Oggi, ma nel 1990, a Mazzarino, in provincia di Caltanissetta, nel bosco demaniale di Rafforosso, venivano ritrovati, da una guardia forestale in appostamento antiincendio, dentro l’Alfa Romeo 164 data alle fiamme di proprietà di Salvatore Tambè, i corpi carbonizzati di Calogero La Piana, di 23 anni, e dei fratelli Luigi e Giuseppe Tambè, di 21 e 23.

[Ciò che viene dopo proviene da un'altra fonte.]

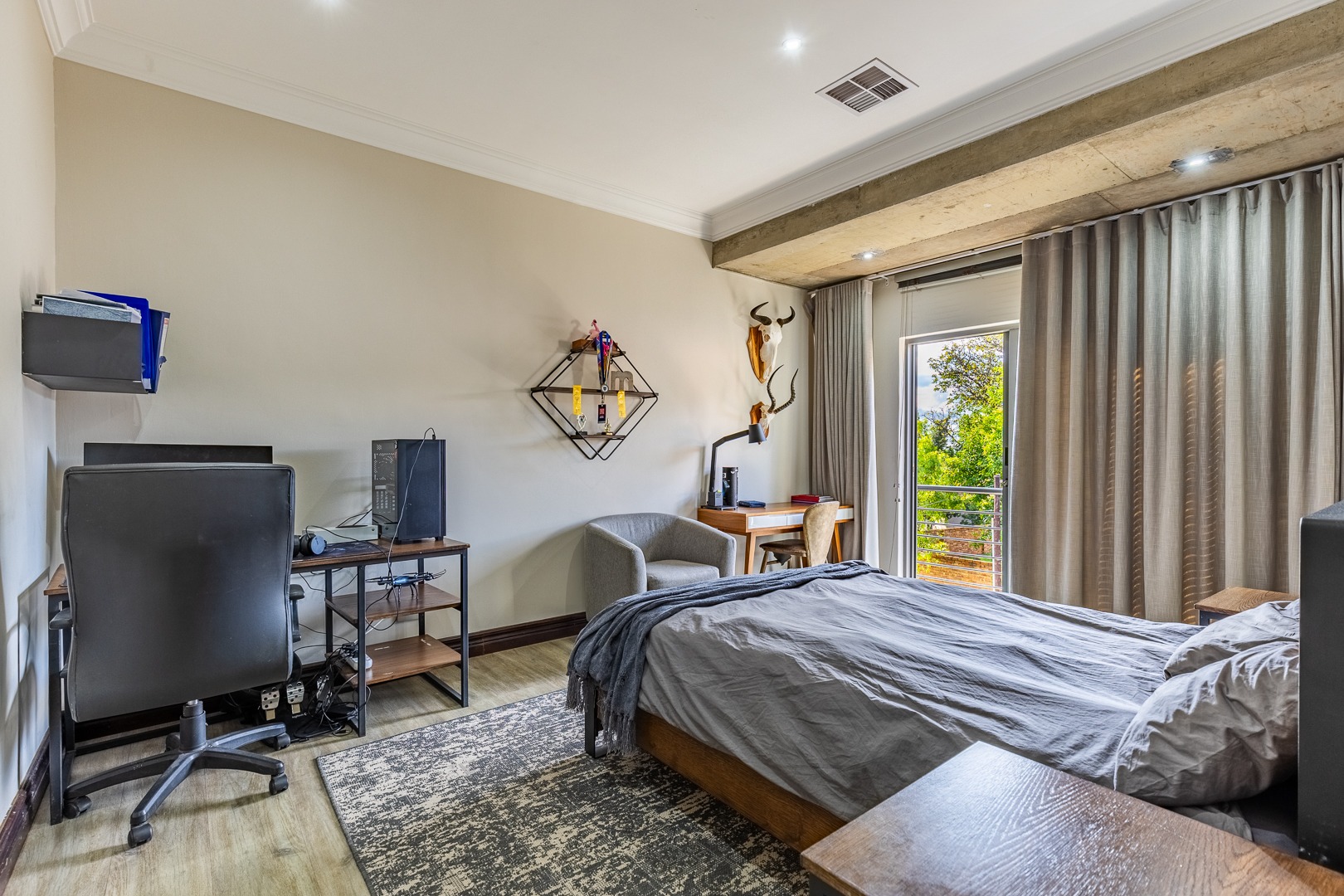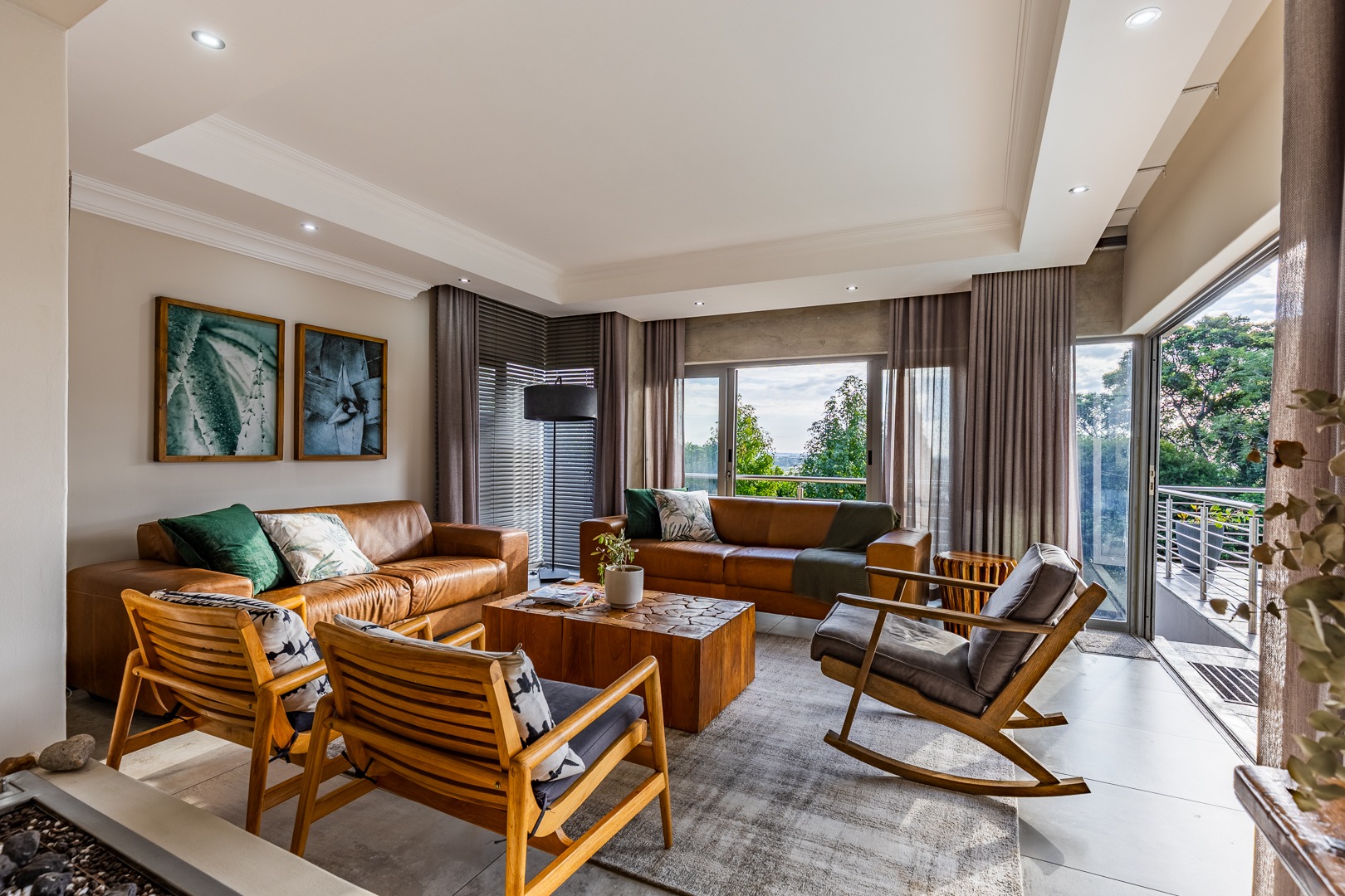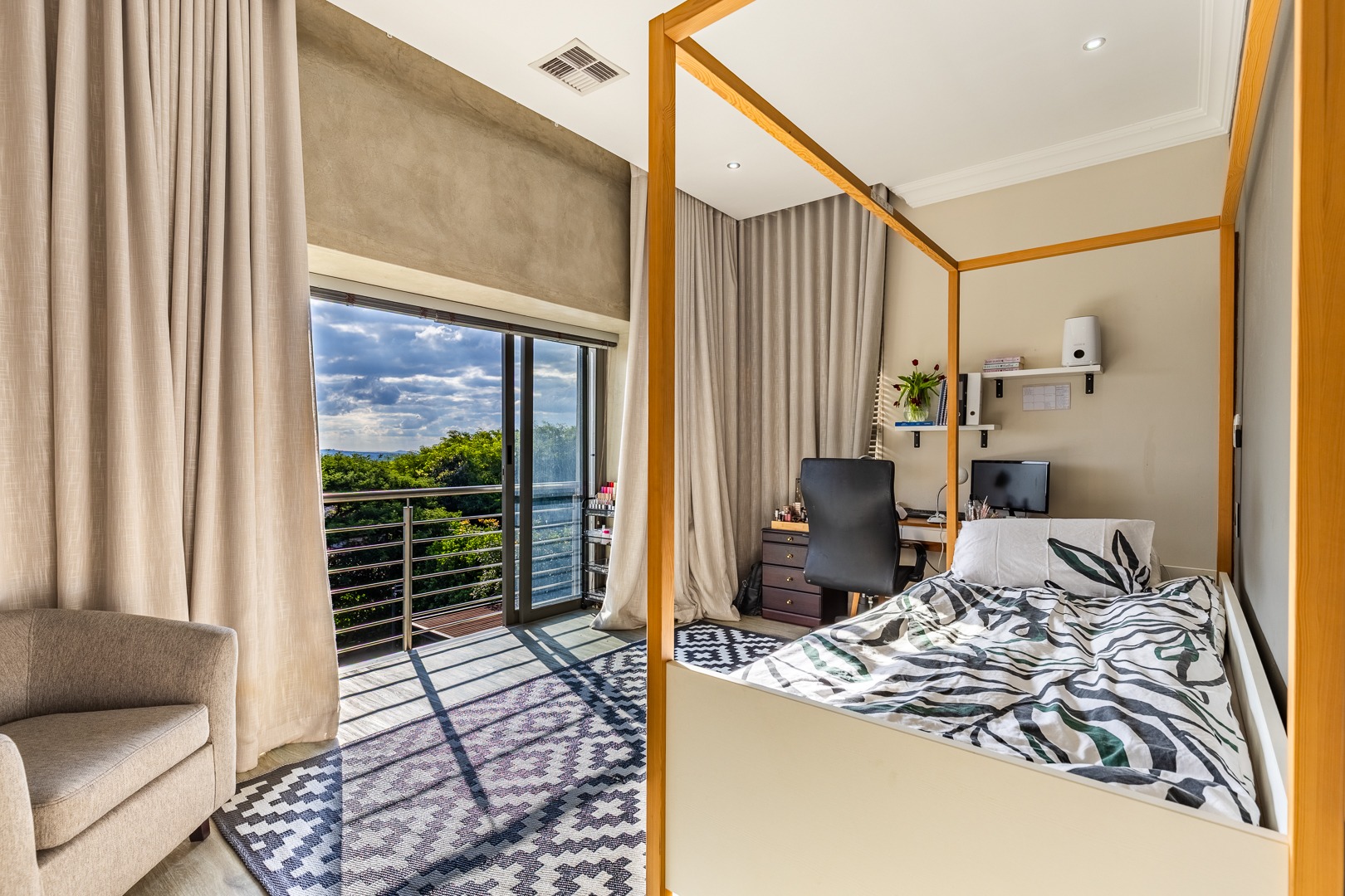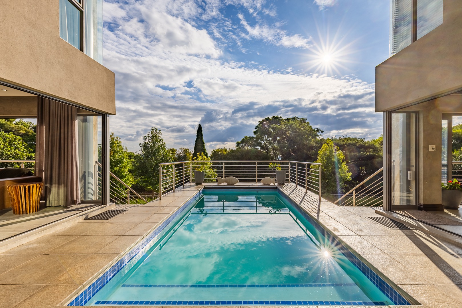 This exceptional three-level contemporary residence, designed by the renowned Arté Lifestyle Group, offers approximately 900m² under roof on a 2,363m² stand in the heart of Waterkloof Ridge. Designed to maximise panoramic views across Centurion, Midrand, Johannesburg and the Voortrekker Monument, the home features five en-suite bedrooms, including a luxurious main suite and a separate ground-level guest suite with private entrance. Expansive open-plan living areas flow seamlessly to entertainment spaces and landscaped gardens, making the home ideal for both refined family living and large-scale entertaining.

Le vittime, tutte e tre incensurate (nella foto, particolare, il luogo del recupero detto “Cugna da galera”, poiché chi non fosse pratico difficilmente avrebbe potuto trovare la via d’uscita, dei cadaveri bruciati) erano impegnate nel movimento terra e nel trasporto di detriti per conto terzi, e stavano lavorando, come subappaltatori, alla realizzazione della diga Disueri. Quest’ultima era prevista sull’omonimo lago artificiale, situato nel territorio di Gela, ottenuto proprio dallo sbarramento del fiume Disueri.

Si trattava di un’opera pubblica da 200 miliardi di lire. Verosimilmente la loro uccisione era ricollegabile alla faida malavitosa in corso nel triangolo Gela-Riesi-Mazzarino che fino a quel momento aveva causato 70 omicidi. I tre malcapitati, infatti, avevano avuto un appuntamento con un boss locale per la spartizione delle commesse appaltate dai clan. Per La Piana si dirà che la sua triste sorte sia stata determinata dall’aver assistito involontariamente ad un delitto, e quindi eliminato in quanto testimone scomodo. Per i Tambè, invece, la questione era più articolata. Il loro padre, Calogero, infatti, era scomparso nel 1983 ed era ritenuto sacrificato e per questo mai più ritrovato per frizioni crescenti tra cosche calabresi intente a dividersi i lavori pubblici.